Haha, I’ve ended up stuck in very specific bits of the vehicle physics rabbit hole, but am pretty ignorant about others.
In 2016 I couldn’t find a good monster truck game for my son, so I naively thought I’d make one.
I started with Edy’s Vehicle Physics, which is great, it’s cheap and the code’s clean and it you can set up and configure a drivable vehicle pretty quickly (although even though it’s pretty simple, there are still a bucketload of things you can fiddle with, so it was kindof daunting to 2016 novice me).
We’re using Vehicle Physics Pro in Exo Rally Championship, and it lets you configure everything. If you’re after realism, the VPP developer’s using it in some quite simulatory simulators and really seems to know his stuff & actually races IRL. I don’t race IRL, so I can’t vouch personally for the accuracy, but it seems to be working well in our game right now:) I’d’ve thought decent weight transfer would be necessary for any kind of realistic vehicle simulation. You could give the free VPP a go, if you haven’t already.
There’s a comparison of Edy’s products here.
Both products use the Unity/PhysX WheelCollider though, and while I guess it’s decent for non-stunt road driving (suspension still instantly “snaps” to the road surface, rather than elongating “gradually” like a spring would though), that single-raycast-based wheel collider is garbage for weird terrain or wheels that aren’t “protected” by the body/chassis collider (like monster trucks) or doing stunts (no proper monster truck wheelies </3).
So I’ve ended up using frictionless mesh colliders on PrismaticJoint springs for the wheels that present the same interface to Edy’s stuff as the Unity WheelCollider so he can deal with all the complicated friction & drivetrain stuff.

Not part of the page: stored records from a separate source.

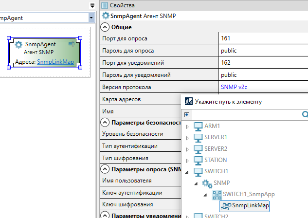 8. Выделите Агент SNMP. В свойствах элемента укажите добавленную карту адресов и параметры агента: порты для опроса и уведомлений, версию протокола и т.д.
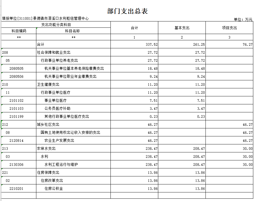 2025年景德镇市浯溪口水利枢纽管理中心支出预算总额为337.52万元,较上年预算安排增加40.01万元;其中:
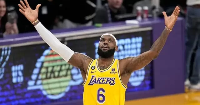 Abdul-Jabbar, sitting courtside, was among the first to congratulate James as play was interrupted to salute an iconic moment in NBA history.

Niko Stenberg suggested this to me, he’s awesome:)
Edy’s stuff takes care of nonsense like skating sideways for “no reason”, rotating around y, jitter and stuff.
I guess if you’re using joints, you’re doing something similar. I feel like the approach I’m using would let you separate sprung and unsprung mass. ArticulationBody seems far more forgiving with larger mass ratios than my experience of ConfigurableJoint. Our vehicle weighs ~2400-3600kg with 60kg wheels, although I had to crank the physics timestep & solver iterations (may be able to de-crank, haven’t revisited). I set my ArticulationBody hierarchy up with real-world values and it all just worked first time.
I think weight transfer should “just work”, if the centre of mass, springs & weight distribution are correct.
VPP gives you a tool for configuring the inertia tensor, which I think has an effect on weight transfer and handling generally. IIRC Edy says the one Unity computes for you is bad for vehicle behaviour. Certainly, using the VPP tool made my monster trucks much more lively.
The XRC rover has steering, toe and camber (toe and camber aren’t modifiable while driving right now, but probably could be).
Edy’s configured some huge and complicated vehicles with joints, and you can pay him to set up a vehicle for you in VPP, if you have enough real-world data, so I don’t know if huge trucks with joints are an impossibility (40 tons is 7x bigger than my monster truck, 10x bigger than the XRC rover). You can maybe cheat by dumping some mass into the wheels or articulation hierarchy:)
Problems I’ve had with Meshcollider/ArticulationBody:
Sliding the wheel mesh over bumpy terrain, both meshes are of course entirely rigid so you need to do trickery to get a smooth ride & prevent the wheels pinging up all over the place when you hit tiny bumps. I’m using a combination of a second set of springs to simulate tyre flex, and contact modification to give a bit of extra squish.
Most of the motivation for my approach was I needed “3D”/ “Volumetric” wheels, rather than raycasts, though; you maybe don’t, I don’t know.
Traversing “seams” between meshes can be awkward (not sure I’d recommend the default contact mod offset “fix”).
I’ve discovered, reported, and had some awkward/nasty bugs fixed in both ArticulationBody and ContactModification, so I’m not sure how much use they’re getting in the wild.
I’m still not sure what to do with sidewall-only contacts, like when the vehicle has a z-rotation of 90:)
Because WheelCollider can only present a single point of contact, that’s all I’m doing for now, but I guess ideally I’d be able to present, e.g., a ground-contact and a front-tyre-wall contact simultaneously, e.g., for backflips (backflips work OK rn though, so maybe I’ll leave it:).
I’ve no idea if the DOTS Unity Physics or Havok stuff will address any of this or be a better solution generally. None of it existed when I started out:)
PhysX 5.1 has some cool-sounding stuff that I’m sure would help (soft bodies?!), but I guess we’re years off seeing that in Unity</3.
Edit: We had to buy the “Enterprise Edition” source to use VPP with our custom wheel mesh collider. I think Edy has plans to make custom wheel colliders possible at “pro” level, but last time I checked it hadn’t arrived there yet. EVP comes with source anyway.